Data records START

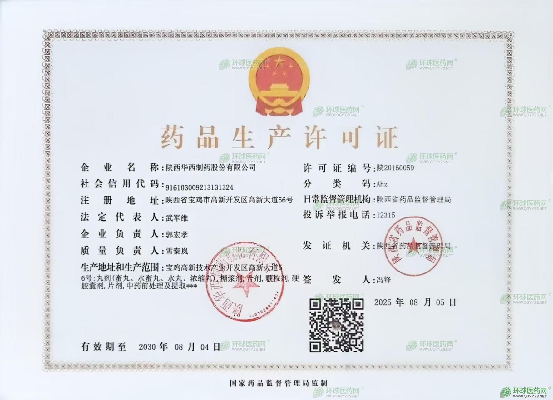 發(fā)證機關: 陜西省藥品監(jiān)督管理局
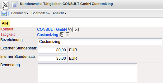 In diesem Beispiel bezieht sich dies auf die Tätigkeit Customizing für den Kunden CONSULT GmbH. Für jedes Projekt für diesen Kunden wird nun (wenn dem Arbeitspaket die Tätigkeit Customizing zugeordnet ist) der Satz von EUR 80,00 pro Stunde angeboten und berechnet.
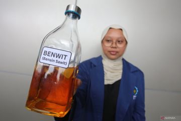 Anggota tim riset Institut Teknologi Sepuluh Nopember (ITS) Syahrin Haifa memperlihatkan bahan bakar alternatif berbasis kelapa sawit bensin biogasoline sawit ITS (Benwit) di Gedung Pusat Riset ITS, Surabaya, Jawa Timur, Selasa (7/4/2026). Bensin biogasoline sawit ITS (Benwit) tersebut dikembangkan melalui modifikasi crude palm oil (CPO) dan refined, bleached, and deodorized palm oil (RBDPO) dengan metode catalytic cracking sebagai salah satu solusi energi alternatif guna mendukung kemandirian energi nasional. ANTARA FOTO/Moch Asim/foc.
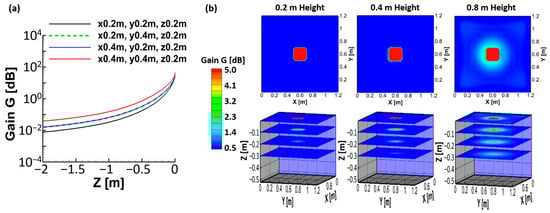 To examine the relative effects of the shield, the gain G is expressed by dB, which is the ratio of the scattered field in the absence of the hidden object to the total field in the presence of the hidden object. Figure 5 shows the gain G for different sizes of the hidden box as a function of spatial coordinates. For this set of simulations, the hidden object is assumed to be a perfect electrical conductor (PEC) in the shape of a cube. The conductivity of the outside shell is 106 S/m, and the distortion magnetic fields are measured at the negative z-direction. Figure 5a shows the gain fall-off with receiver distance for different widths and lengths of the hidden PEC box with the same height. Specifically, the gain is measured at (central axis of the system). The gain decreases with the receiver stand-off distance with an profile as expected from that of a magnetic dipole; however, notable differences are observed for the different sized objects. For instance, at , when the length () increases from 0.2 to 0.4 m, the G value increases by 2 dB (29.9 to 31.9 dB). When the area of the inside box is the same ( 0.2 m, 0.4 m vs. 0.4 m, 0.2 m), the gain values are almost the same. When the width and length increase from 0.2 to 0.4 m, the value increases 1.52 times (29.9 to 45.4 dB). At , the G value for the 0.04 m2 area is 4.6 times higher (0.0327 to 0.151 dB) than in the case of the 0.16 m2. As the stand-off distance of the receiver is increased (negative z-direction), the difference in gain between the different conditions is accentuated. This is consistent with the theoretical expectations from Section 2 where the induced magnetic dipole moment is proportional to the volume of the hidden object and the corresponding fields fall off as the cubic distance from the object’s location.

Data records END
Data records START

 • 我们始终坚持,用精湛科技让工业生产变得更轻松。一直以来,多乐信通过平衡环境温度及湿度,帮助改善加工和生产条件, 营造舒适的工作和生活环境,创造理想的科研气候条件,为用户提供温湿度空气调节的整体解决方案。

Data records END
Data records START

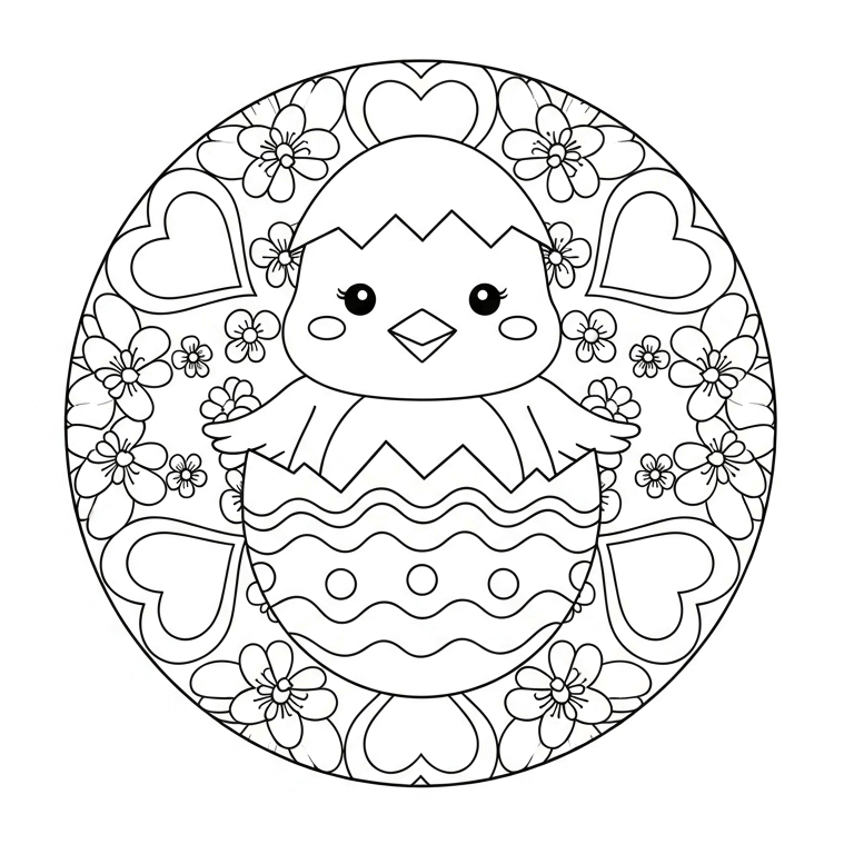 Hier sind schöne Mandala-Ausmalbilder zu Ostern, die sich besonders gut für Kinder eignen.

Data records END

Set the pictures aside and retype exactly the lines above from the line with "發(fā)證機關: 陜西省藥品監(jiān)督管理局" to the line with "In diesem Beispiel", both included, adding no others.

 發(fā)證機關: 陜西省藥品監(jiān)督管理局
 In diesem Beispiel bezieht sich dies auf die Tätigkeit Customizing für den Kunden CONSULT GmbH. Für jedes Projekt für diesen Kunden wird nun (wenn dem Arbeitspaket die Tätigkeit Customizing zugeordnet ist) der Satz von EUR 80,00 pro Stunde angeboten und berechnet.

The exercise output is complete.